Carlos Nelson Konder**
Nos últimos anos voltou à tona a ideia de os contratos ditos empresariais (outrora chamados de comerciais) submeterem-se a um regime legal distinto daquele que regem os demais contratos (muitas vezes referidos, em contraposição, como “contratos civis”). Entretanto, enquanto no passado essa autonomia – então objeto de codificação e jurisdição próprias – se fundava em resguardar o comércio contra maior formalismo das regras civis, hoje o movimento parece inspirar-se em preocupação quanto ao excesso de intervenção (especialmente a judicial) nas relações entre empresários.[1]
A partir de relevantes reflexões doutrinárias sobre as peculiaridades dos contratos empresariais, em contraposição especialmente às relações de consumo,[2] ganhou força neste século o retorno à ideia de uma legislação própria. Nessa linha, o projeto de lei de Código Comercial (PL 1572/2011, PLS 487/2013) já fincava bandeira nesse movimento de redução das intervenções, ao pretender positivar que “nenhum princípio, expresso ou implícito, pode ser invocado para afastar a aplicação de qualquer disposição deste Código ou da lei”. Juntou-se a ele a chamada Lei de Liberdade Econômica (LLE – L. 13.874/2019), que incluiu no Código Civil referência a um “princípio da intervenção mínima” e à “excepcionalidade da revisão” dos contratos.
O projeto de reforma do Código Civil (PL 04/2025), em certos pontos, adere a esse movimento de atribuir autonomia normativa aos contratos empresariais com fim anti-intervencionista, buscando separar o que justamente o Código Reale havia unido. Além de reforçar as referências à não intervenção no que chamou de contratos “paritários” e(ou) “simétricos”,[3] merece especial destaque o seu art. 421-C, cujo primeiro parágrafo prevê seis novos “parâmetros adicionais de consideração e análise” para a interpretação dos contratos empresariais.
De início, poderia se acusar a postura de certo “egoísmo”, já que, em lugar de buscar resolver ou mitigar o problema, visa somente a blindar as relações empresariais contra essas intervenções, como se, nas demais relações civis, “excessos” dessa natureza fossem mais toleráveis. Vale observar que as relações ditas civis e mesmo as consumeristas (que, lembre-se, costumam ter também um empresário em um dos polos) demandam igualmente previsibilidade e respeito aos espaços legítimos de autonomia. Ademais, não podem ser subtraídas do sistema jurídico como um todo, sob pena de sacrificar a unidade e coerência do ordenamento.[4]

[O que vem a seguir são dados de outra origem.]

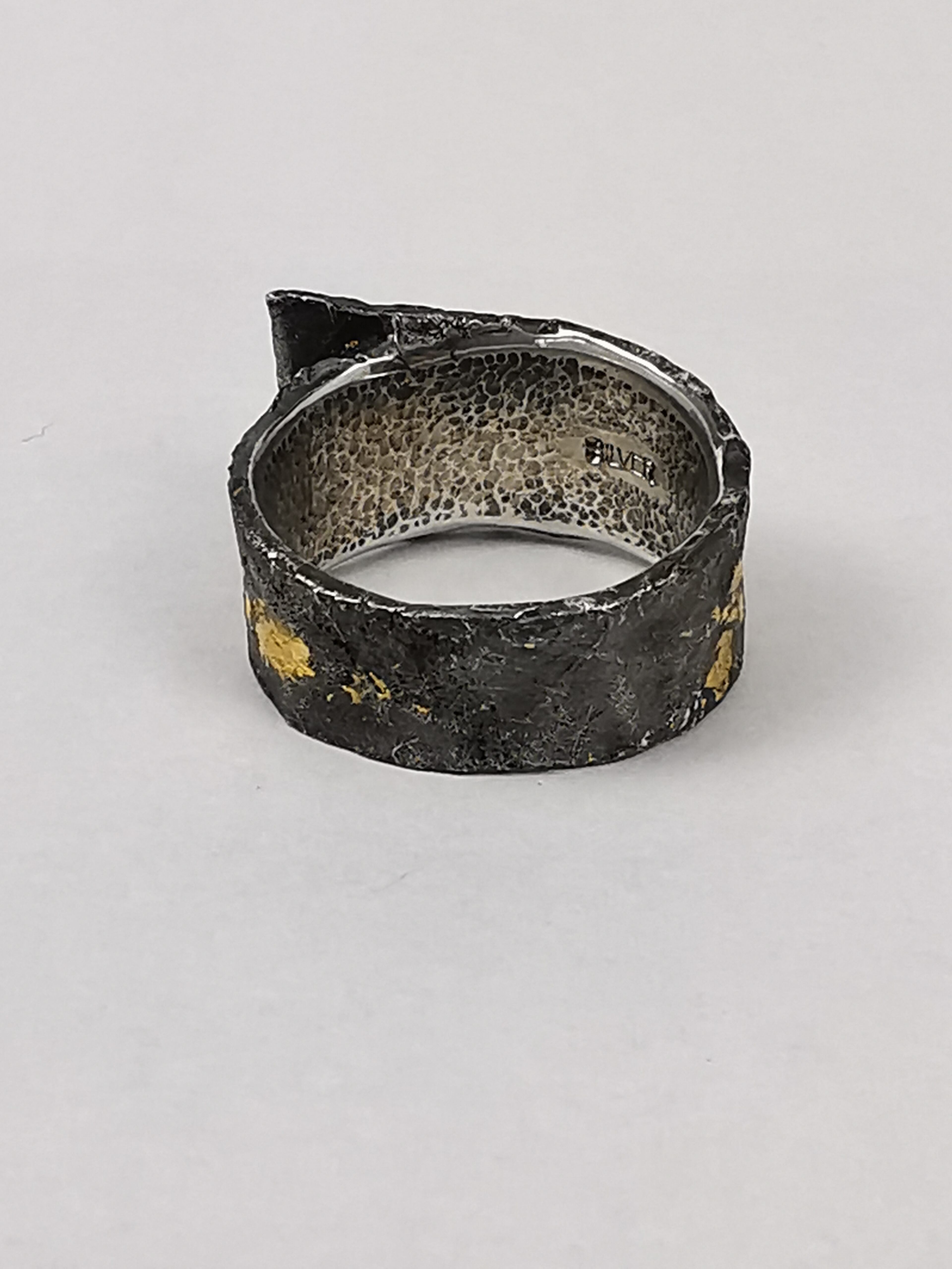 手漉き和紙の質感をそのまま表現したシルバー 925製リングです。黒くいぶした表面に金箔を貼っています。
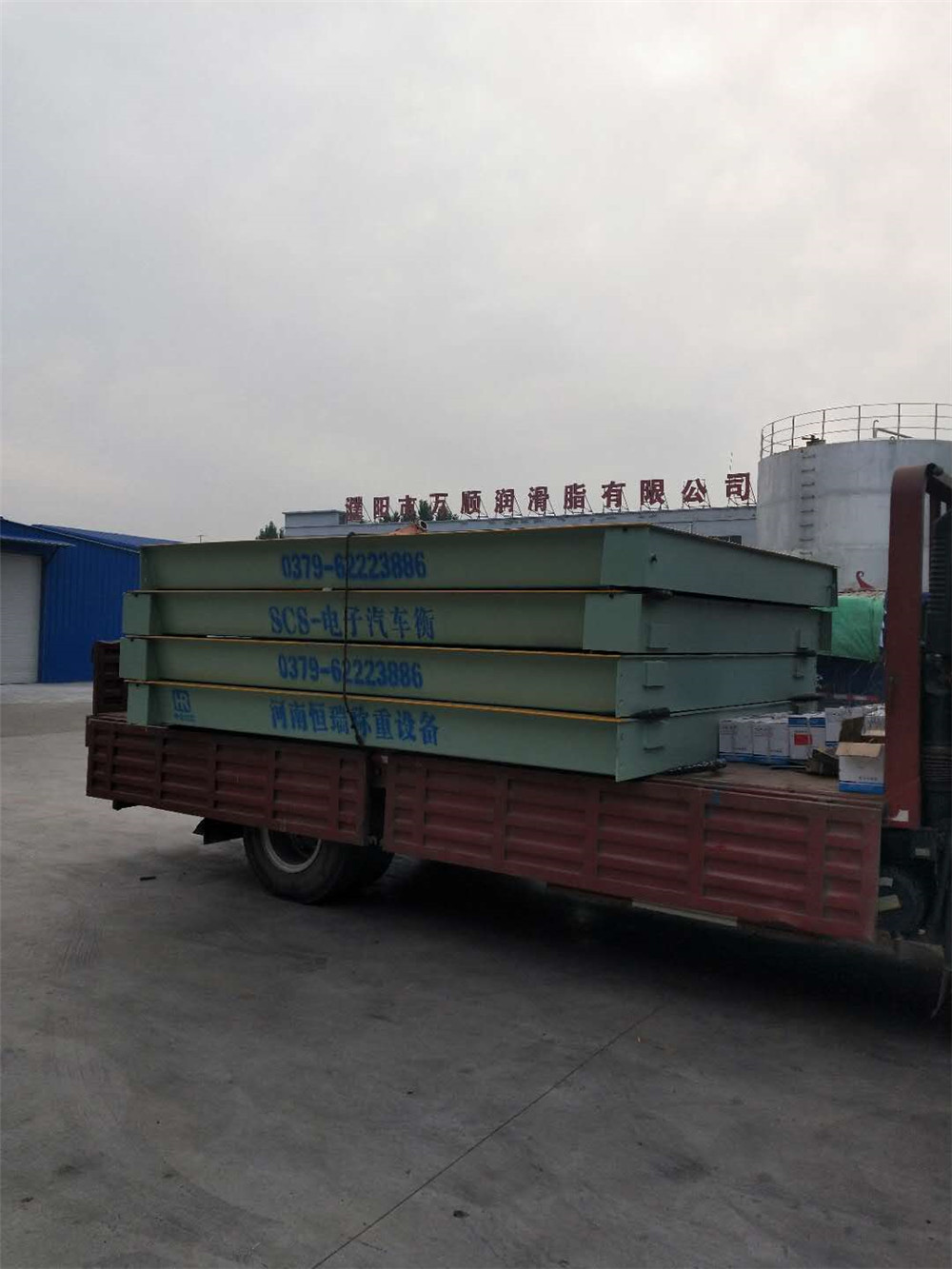 采購背景:濮陽萬順潤滑脂公司位于濮陽市臺前縣產(chǎn)業(yè)集聚區(qū),主營潤滑脂生產(chǎn)銷售。為方便生產(chǎn)材料計量稱重,對比多家地磅廠地磅后,訂購了中原恒瑞地磅廠3.2x16m定額100噸電子汽車衡,現(xiàn)電子汽車衡已安裝到位并投入使用。

Parece haver, todavia, um problema mais grave nessa postura legislativa. Sua utilização no passado recente indica ser esse tipo de medida não somente ineficaz aos fins que se pretende, como pode até mesmo agravar o mal que visa combater. Nesse sentido, podem ser apontadas ao menos três contradições entre o diagnóstico e o prognóstico por trás dessa iniciativa.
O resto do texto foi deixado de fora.